Writink Services

NURS FPX 4020 Assessment 2 Root-Cause Analysis and Safety Improvement Plan

Root-Cause Analysis and Safety Improvement Plan

  • NURS FPX 4020 Assessment 2

Like healthcare competition, safeguarding patients is a crucial concept. Lack of staffing in the ER is a significant concern due to its effects on patients, the occupational health of health facility workers, and the overall system. This root cause analysis and safety improvement plan focuses on explaining and placing recommendations for addressing the issue related to staffing shortages. The selected patient safety problem originates from medication-related mistakes, high mortality, and high meritoriousness associated with the low staffing ratio of nurses in erythrocytes.

Driven by the purpose of examining the anti-immigrant sentiment pervading the US and the reasons behind it, this paper aims to identify all the factors associated with the problem and discuss the most effective and feasible solution. To achieve those goals and futures, this venture focuses on identifying the cause and possible solutions to improve patient’s safety and the quality of their care in facilities.

Analysis of the Root Cause

Issue Description in ER

The patient safety issue here is staff deficit within healthcare institutions. The specific event that led to this concern was the reported medication errors and overall enhanced mortality rates among patients with an increased nurse-to-patient ratio (Lasater et al., 2021).

The problem was detected through a comprehensive review of patient outcomes and satisfaction metrics, which revealed a correlation between understaffed conditions and adverse events. The issue affected both healthcare professionals and patients. Insufficient staffing led to a heightened workload for individual healthcare providers, increasing stress, burnout, and fatigue (Kovacs & Lagarde, 2022). This, in turn, contributed to oversights, missed care, and delayed responses to patient needs. Patients perceived rushed or unavailable staff, impacting their satisfaction and reducing trust in the healthcare system (Karaca & Durna, 2019). The cumulative effect compromised the overall quality of care provided.
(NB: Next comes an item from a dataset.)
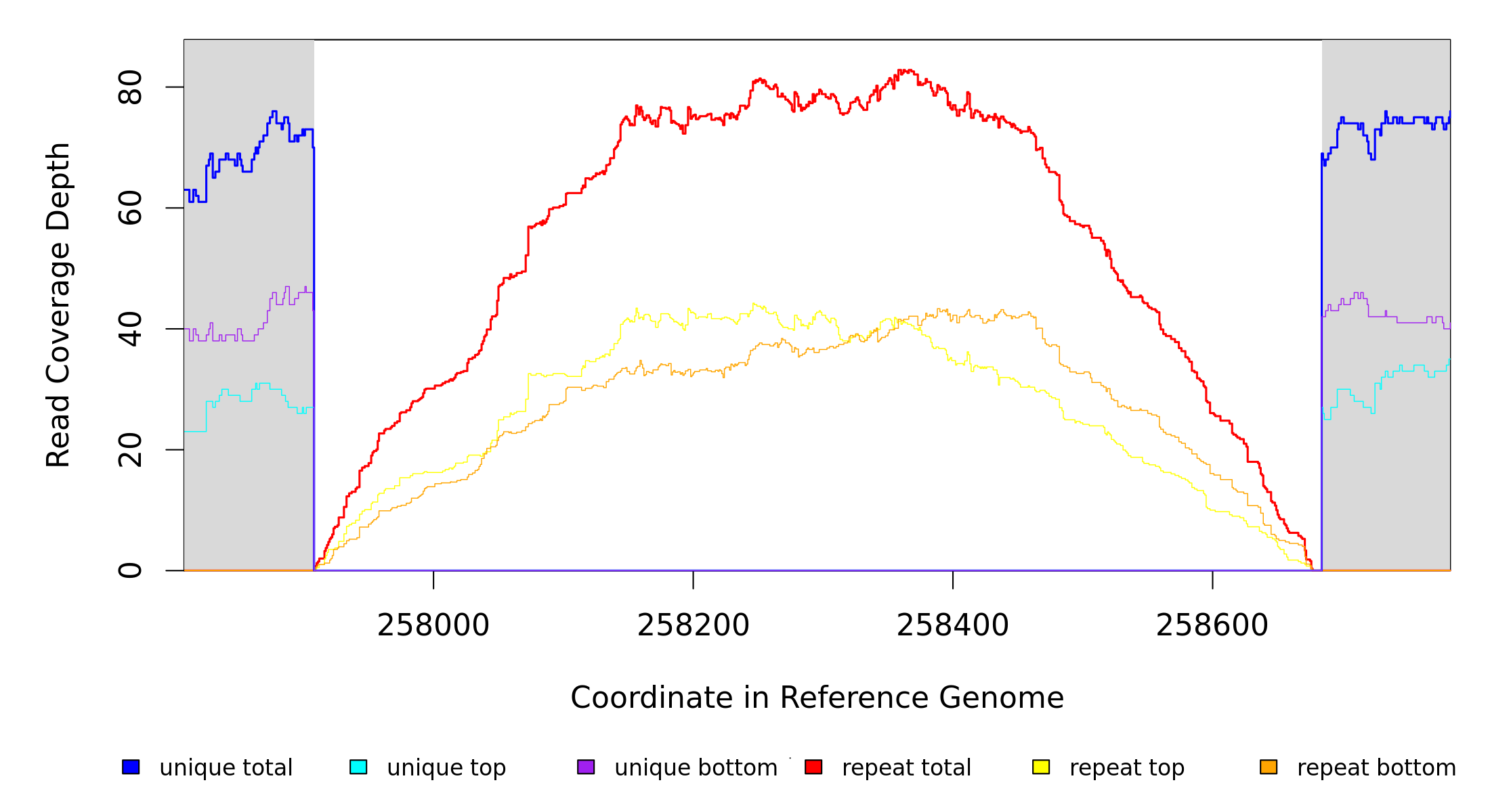 | seq id | start | end | size | ←reads | reads→ | gene | description | |||

Analysis of the Event and Relevant Findings

The analysis revealed several contributing factors, such as workload and communication. Notably, the intended steps in patient care were hindered due to the increased workload, leading to deviations from standard protocols. Environmental factors such as the constant pressure and long hours in understaffed conditions contributed to human errors and burnout among healthcare professionals (Dall’Ora et al., 2020).

In other factors, there were communication issues, which worsened the effect of a shortage of personnel in healthcare facilities. Towards this, the root cause that can be derived with certainty is that the staffing levels of establishments are impacted by resource scarcity, policies regarding human capital management, and an overall lack of strategic workforce development. The issues include not hiring and organizing human resources and not providing servants for insufficient and changeable patient traffic (Senek et al., 2022). Environmental and communication factors are highlighted as sustaining the issue and, therefore, can negatively influence the overall effectiveness of patient care.

Application of Evidence-Based Strategies in the ER Department

Best practice approaches from the literature show the need for evidence-based practices to address the safety concerns of staffing shortages in healthcare organizations. The literature indicates that interruptions while administering medications lead to medication administration errors, underlining why any workload challenges must be addressed (Lasater et al., 2021). One evidence-based strategy to address this problem is integrating technology whereby Electronic Health Records are used to improve the Systems and reduce medication errors, as highlighted by Hamad and Bah (2022). EHRs provide effective solutions for documenting and disseminating vital information in the patient’s records for healthcare practitioners.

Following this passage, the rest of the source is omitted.